Jarek Poplawski <jarkao2@gmail.com> wrote:

>On Wed, Sep 01, 2010 at 09:11:06PM +0200, Jiri Bohac wrote:
>> On Wed, Sep 01, 2010 at 09:00:37PM +0200, Jarek Poplawski wrote:
>> > On Wed, Sep 01, 2010 at 05:37:30PM +0200, Jarek Poplawski wrote:
>> > > On Wed, Sep 01, 2010 at 05:18:56PM +0200, Jarek Poplawski wrote:
>> > > > On Wed, Sep 01, 2010 at 03:30:56PM +0200, Jiri Bohac wrote:
>> > > > > On Wed, Sep 01, 2010 at 12:23:56PM +0000, Jarek Poplawski wrote:
>> > > > > > On 2010-08-31 22:54, Jay Vosburgh wrote:
>> > > > > > > 	What prevents this from deadlocking such that cpu A is in
>> > > > > > > bond_close, holding RTNL and in cancel_delayed_work_sync, while cpu B is
>> > > > > > > in the above function, trying to acquire RTNL?
>> > > > > > 
>> > > > > > I guess this one isn't cancelled in bond_close, so it should be safe.
>> > > > > 
>> > > > > Nah, Jay was correct. Although this work item is not explicitly
>> > > > > cancelled with cancel_delayed_work_sync(), it is on the same
>> > > > > workqueue as work items that are being cancelled with
>> > > > > cancel_delayed_work_sync(), so this can still cause a deadlock.
>> > > > > Fixed in the new version of the patch by putting these on a
>> > > > > separate workqueue.
>> > > > > 
>> > > > 
>> > > > Maybe I miss something, but the same workqueue shouldn't matter here.
>> > > 
>> > > Hmm... I missed your point completely and Jay was correct!
>> > 
>> > Hmm#2... Alas, after getting back my sobriety, I've to say that Jay
>> > was wrong: the same workqueue shouldn't matter here.
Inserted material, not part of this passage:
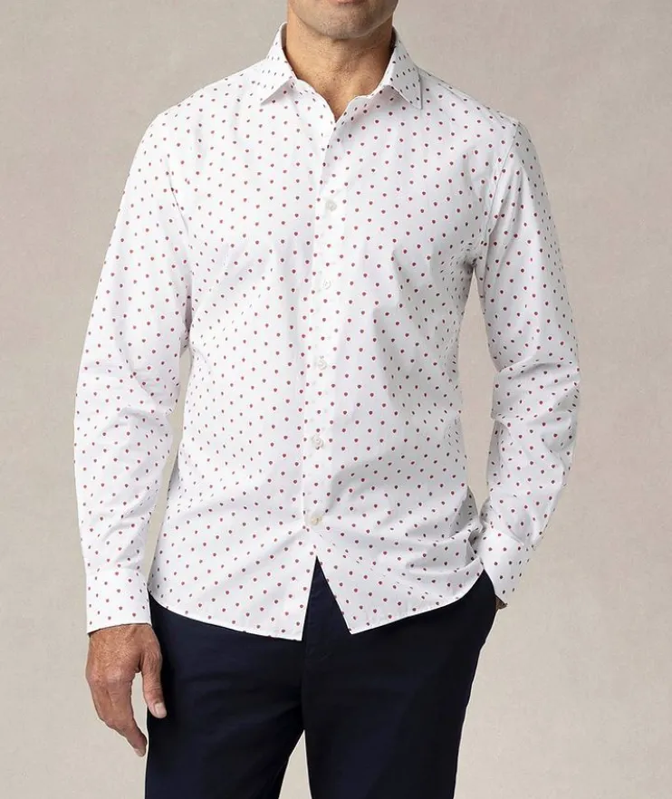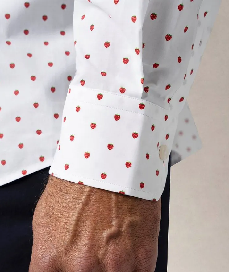 - A seasonal refresh with an allover playful strawberry print, this long sleeve shirt is crafted from fine Italian fabric and designed with a contemporary fit that’s polished yet easy to wear.

Similar things
>> > are done by other network code with the kernel-global workqueue, eg.
>> > in tg3_close(), rhine_close() etc. 
>> 
>> But these don't do rtnl_lock() inside the work item, do they?
>
>Exactly. Just like work items cancelled from bond_work_cancel_all()
>after your patch.

	I see what Jarek is getting at here: the mii_commit, etc, work
items new to the patch aren't cancelled by bond_close, so bond_close (in
cancel_delayed_work_sync) shouldn't care if they're executing or not.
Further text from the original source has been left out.